== Segment start ==

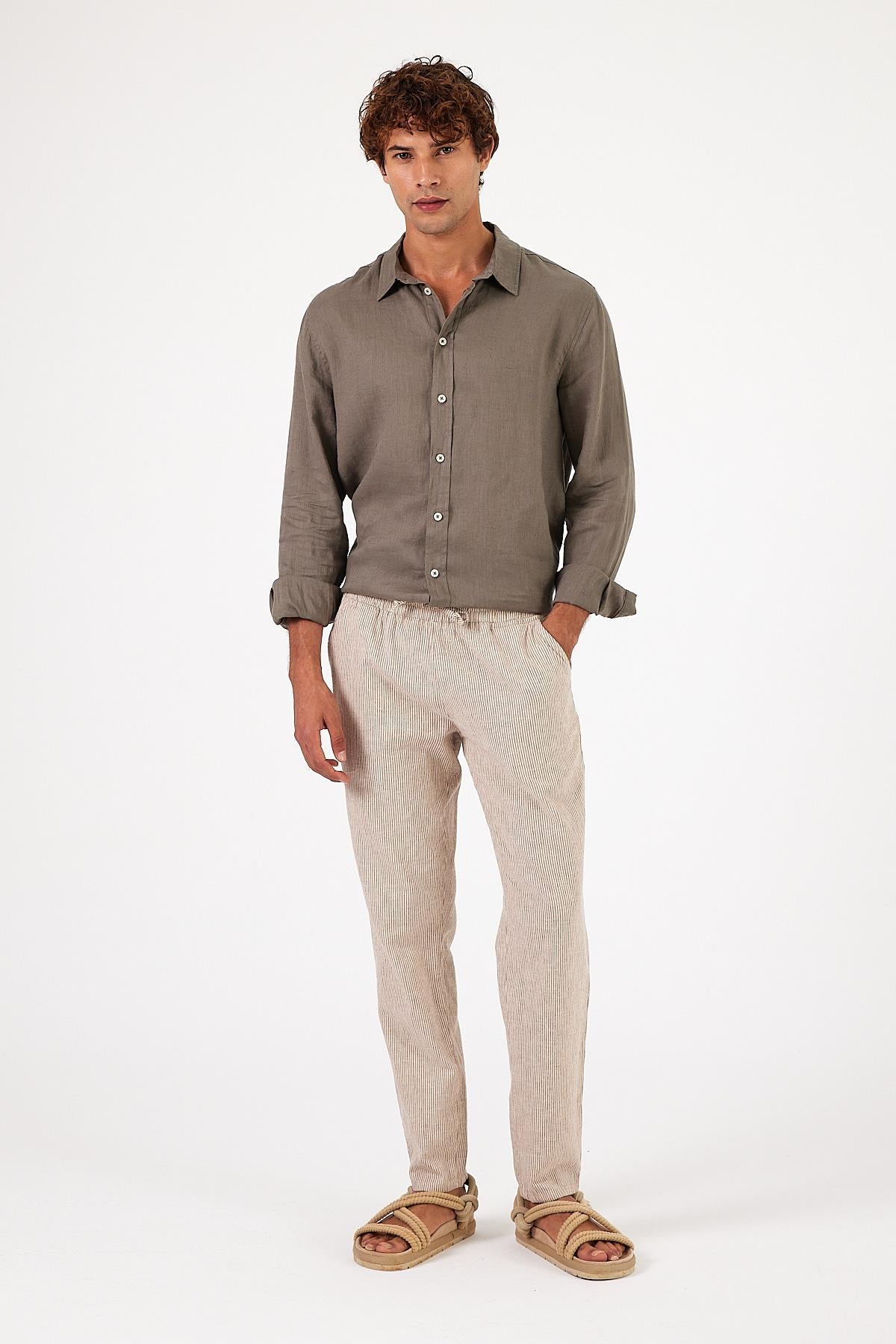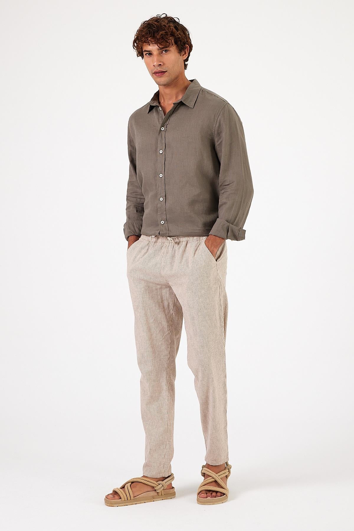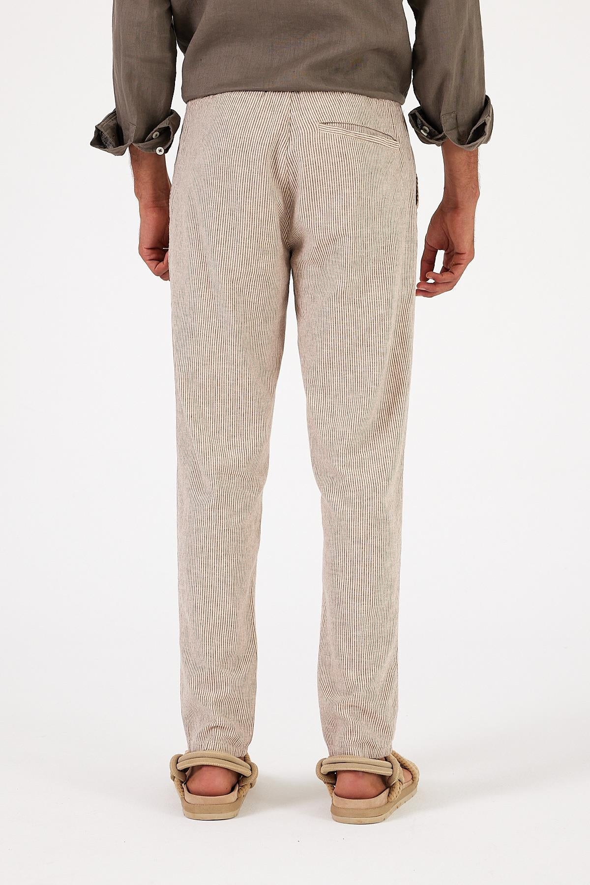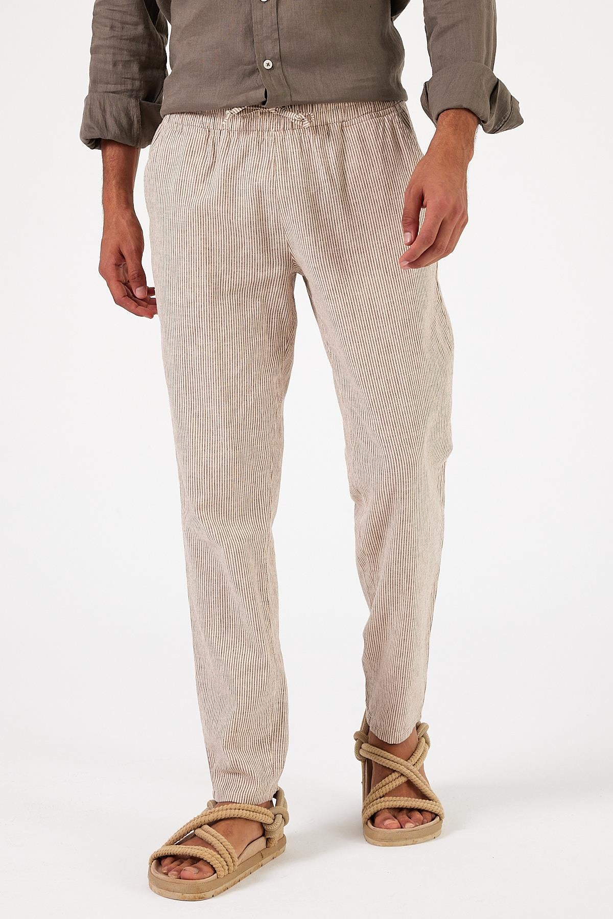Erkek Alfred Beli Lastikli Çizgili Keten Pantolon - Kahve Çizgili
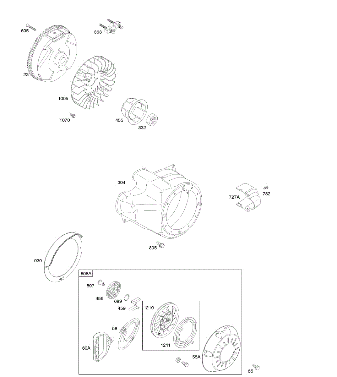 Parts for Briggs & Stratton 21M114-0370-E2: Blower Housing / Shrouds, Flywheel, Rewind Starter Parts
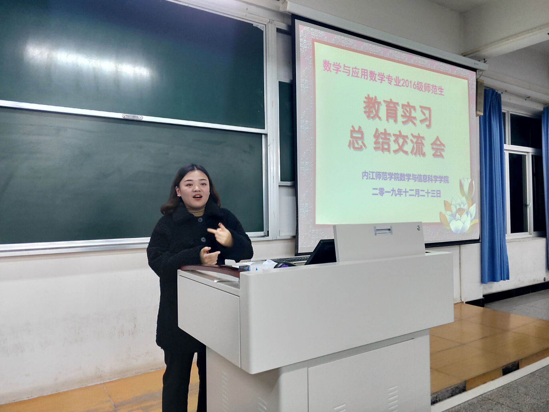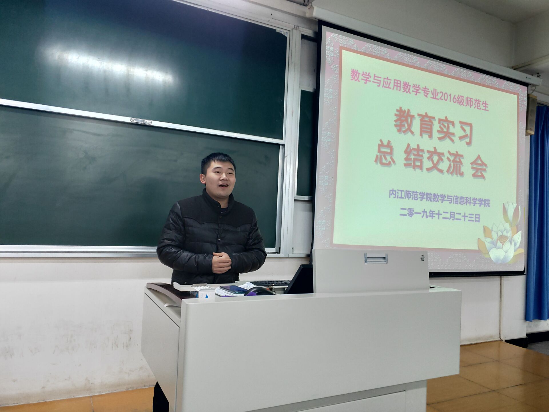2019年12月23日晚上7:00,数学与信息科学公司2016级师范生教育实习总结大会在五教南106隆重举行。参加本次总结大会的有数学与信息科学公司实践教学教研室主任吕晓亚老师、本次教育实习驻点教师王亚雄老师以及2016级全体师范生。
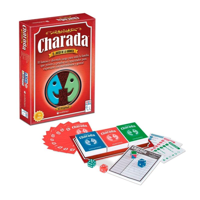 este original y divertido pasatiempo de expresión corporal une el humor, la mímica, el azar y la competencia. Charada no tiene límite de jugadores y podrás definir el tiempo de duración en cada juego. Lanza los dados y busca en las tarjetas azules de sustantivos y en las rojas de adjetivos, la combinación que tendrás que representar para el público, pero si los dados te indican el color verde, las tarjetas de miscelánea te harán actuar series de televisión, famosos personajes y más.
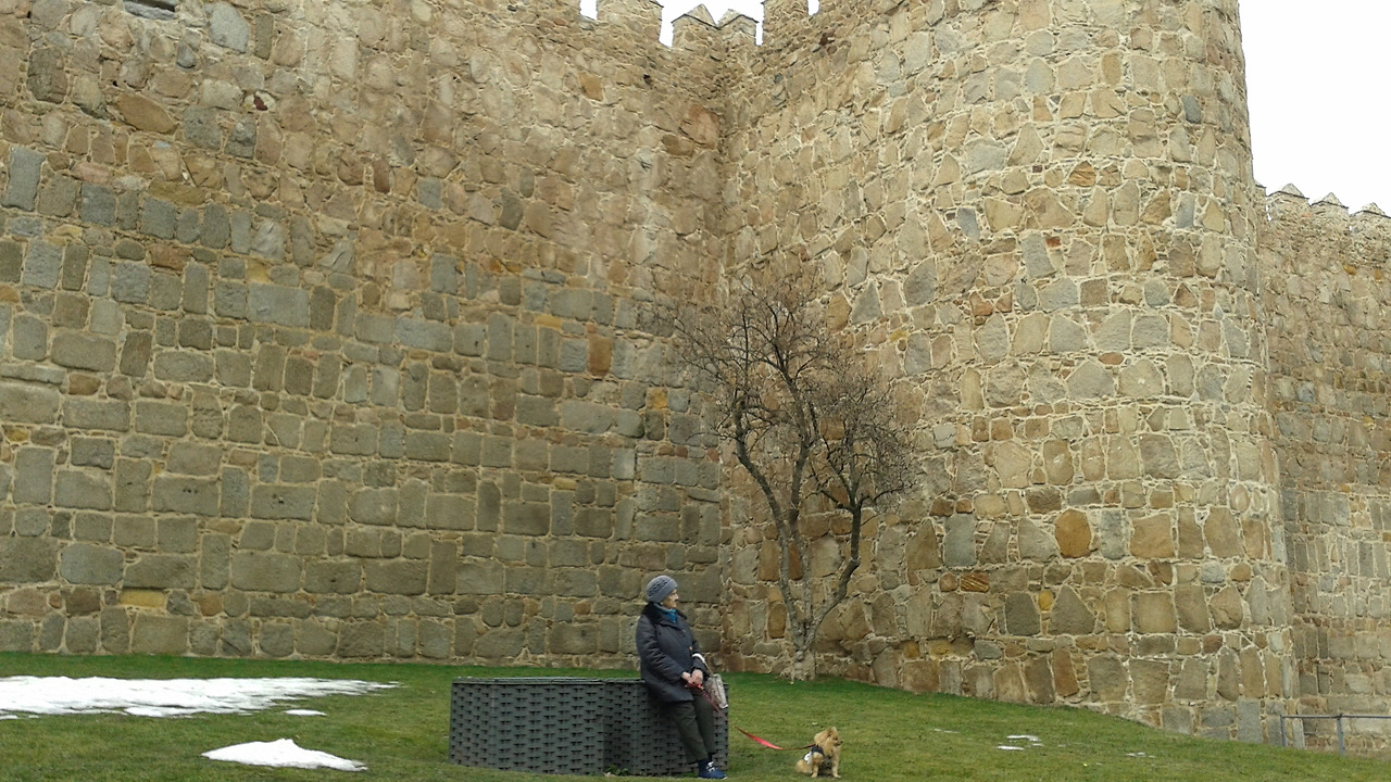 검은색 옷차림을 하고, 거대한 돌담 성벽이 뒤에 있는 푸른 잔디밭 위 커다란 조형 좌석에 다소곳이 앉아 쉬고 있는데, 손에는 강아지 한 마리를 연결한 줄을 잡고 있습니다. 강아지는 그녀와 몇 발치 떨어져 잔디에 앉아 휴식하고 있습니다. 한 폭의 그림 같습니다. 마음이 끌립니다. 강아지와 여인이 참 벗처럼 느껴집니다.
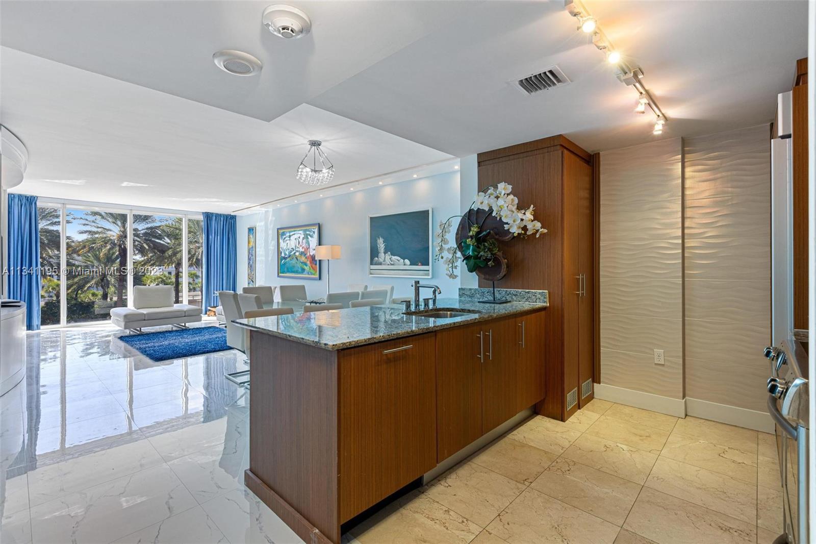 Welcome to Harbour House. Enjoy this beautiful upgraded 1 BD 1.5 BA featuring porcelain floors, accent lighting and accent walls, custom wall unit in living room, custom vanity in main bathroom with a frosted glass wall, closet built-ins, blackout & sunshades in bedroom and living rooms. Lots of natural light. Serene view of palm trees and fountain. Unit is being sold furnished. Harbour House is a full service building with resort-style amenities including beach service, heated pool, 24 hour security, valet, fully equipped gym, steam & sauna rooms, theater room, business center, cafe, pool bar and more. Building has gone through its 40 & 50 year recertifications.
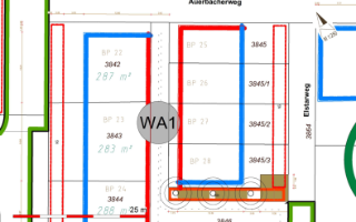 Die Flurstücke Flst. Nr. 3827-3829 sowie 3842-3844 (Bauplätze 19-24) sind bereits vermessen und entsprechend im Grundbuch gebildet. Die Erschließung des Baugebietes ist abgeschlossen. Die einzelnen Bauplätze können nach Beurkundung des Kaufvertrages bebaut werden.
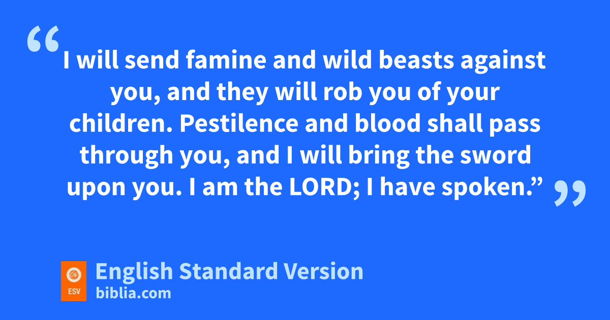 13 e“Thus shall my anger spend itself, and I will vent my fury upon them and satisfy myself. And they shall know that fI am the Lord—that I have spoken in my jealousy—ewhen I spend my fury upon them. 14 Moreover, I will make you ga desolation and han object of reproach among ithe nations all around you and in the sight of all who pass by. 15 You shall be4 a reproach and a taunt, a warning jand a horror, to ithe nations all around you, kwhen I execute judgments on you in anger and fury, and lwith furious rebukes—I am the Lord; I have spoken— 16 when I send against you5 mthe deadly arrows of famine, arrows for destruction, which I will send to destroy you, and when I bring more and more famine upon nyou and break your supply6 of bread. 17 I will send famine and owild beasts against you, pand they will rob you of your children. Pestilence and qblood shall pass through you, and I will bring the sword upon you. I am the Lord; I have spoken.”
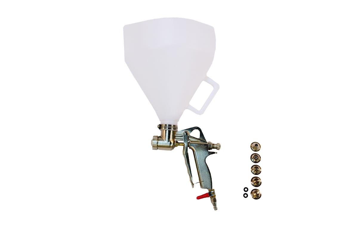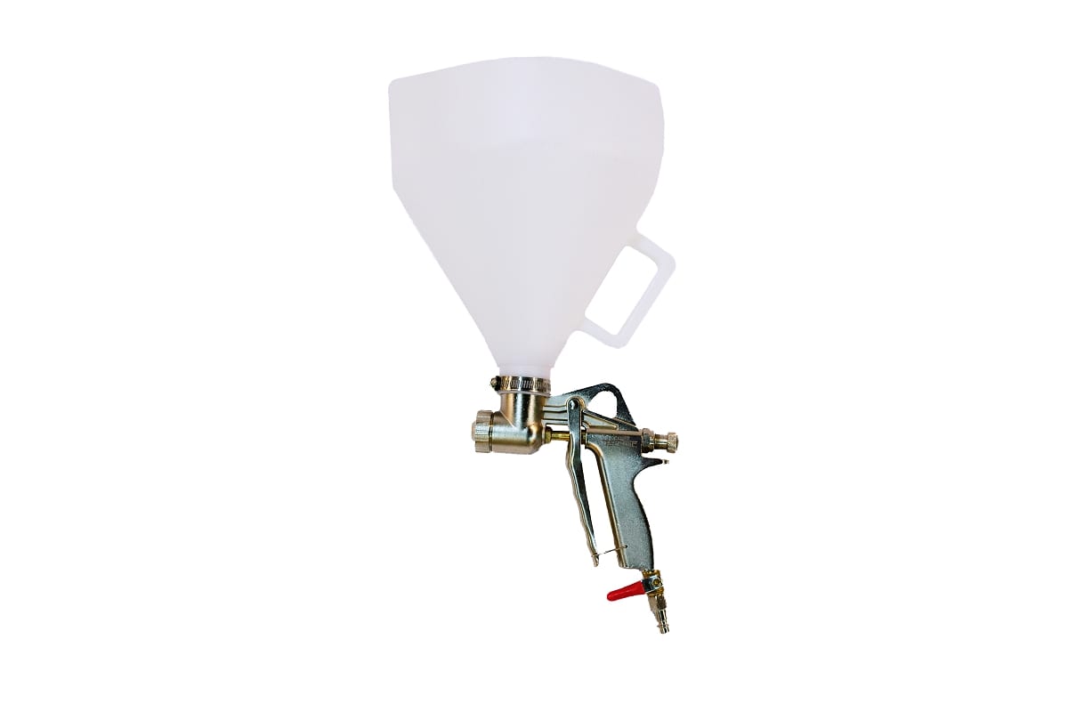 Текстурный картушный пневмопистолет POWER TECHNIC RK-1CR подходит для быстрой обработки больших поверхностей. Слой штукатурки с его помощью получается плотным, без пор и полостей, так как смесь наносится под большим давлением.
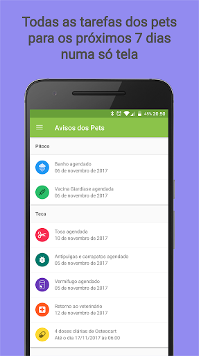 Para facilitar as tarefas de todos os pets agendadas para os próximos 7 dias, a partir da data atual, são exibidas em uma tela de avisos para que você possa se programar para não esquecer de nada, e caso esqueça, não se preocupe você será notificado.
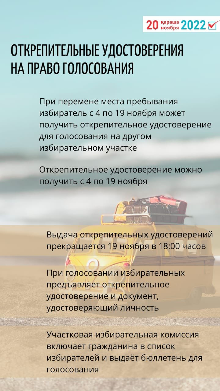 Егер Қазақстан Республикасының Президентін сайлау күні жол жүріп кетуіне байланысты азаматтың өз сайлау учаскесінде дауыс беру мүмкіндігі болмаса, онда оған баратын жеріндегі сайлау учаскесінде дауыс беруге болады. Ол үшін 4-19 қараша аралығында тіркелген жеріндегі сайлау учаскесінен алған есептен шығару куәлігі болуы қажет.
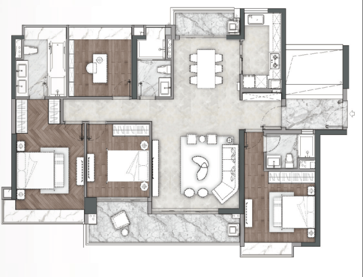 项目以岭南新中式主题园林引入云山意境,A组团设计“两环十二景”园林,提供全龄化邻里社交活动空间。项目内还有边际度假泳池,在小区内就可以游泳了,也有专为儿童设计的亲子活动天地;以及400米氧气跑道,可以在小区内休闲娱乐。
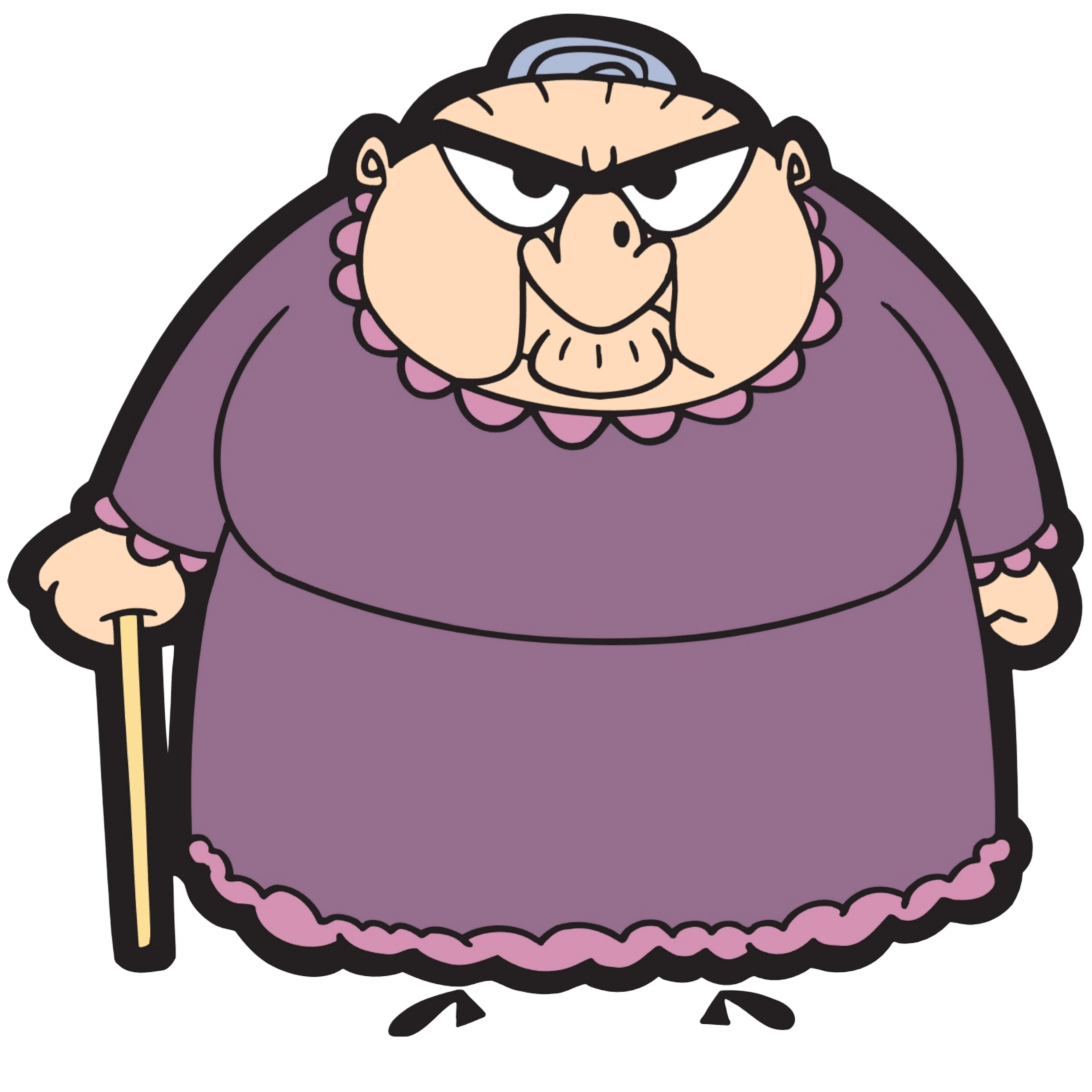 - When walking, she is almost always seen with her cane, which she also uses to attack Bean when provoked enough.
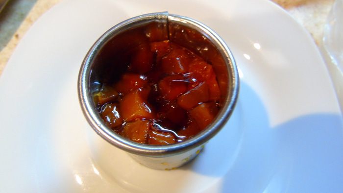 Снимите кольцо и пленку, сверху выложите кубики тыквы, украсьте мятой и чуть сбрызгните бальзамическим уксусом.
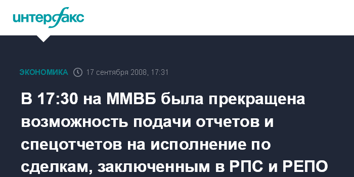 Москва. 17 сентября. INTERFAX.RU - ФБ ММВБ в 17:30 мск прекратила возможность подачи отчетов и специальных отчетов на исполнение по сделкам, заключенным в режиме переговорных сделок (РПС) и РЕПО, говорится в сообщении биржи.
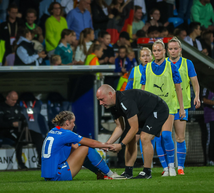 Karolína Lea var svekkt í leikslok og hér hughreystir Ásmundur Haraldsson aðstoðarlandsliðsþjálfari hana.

== Segment end ==

Your goal: Since the pictures are not wanted, copy only the text of the records above, exactly.

Finished exercise:
Erkek Alfred Beli Lastikli Çizgili Keten Pantolon - Kahve Çizgili
 Parts for Briggs & Stratton 21M114-0370-E2: Blower Housing / Shrouds, Flywheel, Rewind Starter Parts
2019年12月23日晚上7:00,数学与信息科学公司2016级师范生教育实习总结大会在五教南106隆重举行。参加本次总结大会的有数学与信息科学公司实践教学教研室主任吕晓亚老师、本次教育实习驻点教师王亚雄老师以及2016级全体师范生。
 este original y divertido pasatiempo de expresión corporal une el humor, la mímica, el azar y la competencia. Charada no tiene límite de jugadores y podrás definir el tiempo de duración en cada juego. Lanza los dados y busca en las tarjetas azules de sustantivos y en las rojas de adjetivos, la combinación que tendrás que representar para el público, pero si los dados te indican el color verde, las tarjetas de miscelánea te harán actuar series de televisión, famosos personajes y más.
 검은색 옷차림을 하고, 거대한 돌담 성벽이 뒤에 있는 푸른 잔디밭 위 커다란 조형 좌석에 다소곳이 앉아 쉬고 있는데, 손에는 강아지 한 마리를 연결한 줄을 잡고 있습니다. 강아지는 그녀와 몇 발치 떨어져 잔디에 앉아 휴식하고 있습니다. 한 폭의 그림 같습니다. 마음이 끌립니다. 강아지와 여인이 참 벗처럼 느껴집니다.
 Welcome to Harbour House. Enjoy this beautiful upgraded 1 BD 1.5 BA featuring porcelain floors, accent lighting and accent walls, custom wall unit in living room, custom vanity in main bathroom with a frosted glass wall, closet built-ins, blackout & sunshades in bedroom and living rooms. Lots of natural light. Serene view of palm trees and fountain. Unit is being sold furnished. Harbour House is a full service building with resort-style amenities including beach service, heated pool, 24 hour security, valet, fully equipped gym, steam & sauna rooms, theater room, business center, cafe, pool bar and more. Building has gone through its 40 & 50 year recertifications.
 Die Flurstücke Flst. Nr. 3827-3829 sowie 3842-3844 (Bauplätze 19-24) sind bereits vermessen und entsprechend im Grundbuch gebildet. Die Erschließung des Baugebietes ist abgeschlossen. Die einzelnen Bauplätze können nach Beurkundung des Kaufvertrages bebaut werden.
 13 e“Thus shall my anger spend itself, and I will vent my fury upon them and satisfy myself. And they shall know that fI am the Lord—that I have spoken in my jealousy—ewhen I spend my fury upon them. 14 Moreover, I will make you ga desolation and han object of reproach among ithe nations all around you and in the sight of all who pass by. 15 You shall be4 a reproach and a taunt, a warning jand a horror, to ithe nations all around you, kwhen I execute judgments on you in anger and fury, and lwith furious rebukes—I am the Lord; I have spoken— 16 when I send against you5 mthe deadly arrows of famine, arrows for destruction, which I will send to destroy you, and when I bring more and more famine upon nyou and break your supply6 of bread. 17 I will send famine and owild beasts against you, pand they will rob you of your children. Pestilence and qblood shall pass through you, and I will bring the sword upon you. I am the Lord; I have spoken.”
 Текстурный картушный пневмопистолет POWER TECHNIC RK-1CR подходит для быстрой обработки больших поверхностей. Слой штукатурки с его помощью получается плотным, без пор и полостей, так как смесь наносится под большим давлением.
 Para facilitar as tarefas de todos os pets agendadas para os próximos 7 dias, a partir da data atual, são exibidas em uma tela de avisos para que você possa se programar para não esquecer de nada, e caso esqueça, não se preocupe você será notificado.
 Егер Қазақстан Республикасының Президентін сайлау күні жол жүріп кетуіне байланысты азаматтың өз сайлау учаскесінде дауыс беру мүмкіндігі болмаса, онда оған баратын жеріндегі сайлау учаскесінде дауыс беруге болады. Ол үшін 4-19 қараша аралығында тіркелген жеріндегі сайлау учаскесінен алған есептен шығару куәлігі болуы қажет.
 项目以岭南新中式主题园林引入云山意境,A组团设计“两环十二景”园林,提供全龄化邻里社交活动空间。项目内还有边际度假泳池,在小区内就可以游泳了,也有专为儿童设计的亲子活动天地;以及400米氧气跑道,可以在小区内休闲娱乐。
 - When walking, she is almost always seen with her cane, which she also uses to attack Bean when provoked enough.
 Снимите кольцо и пленку, сверху выложите кубики тыквы, украсьте мятой и чуть сбрызгните бальзамическим уксусом.
 Москва. 17 сентября. INTERFAX.RU - ФБ ММВБ в 17:30 мск прекратила возможность подачи отчетов и специальных отчетов на исполнение по сделкам, заключенным в режиме переговорных сделок (РПС) и РЕПО, говорится в сообщении биржи.
 Karolína Lea var svekkt í leikslok og hér hughreystir Ásmundur Haraldsson aðstoðarlandsliðsþjálfari hana.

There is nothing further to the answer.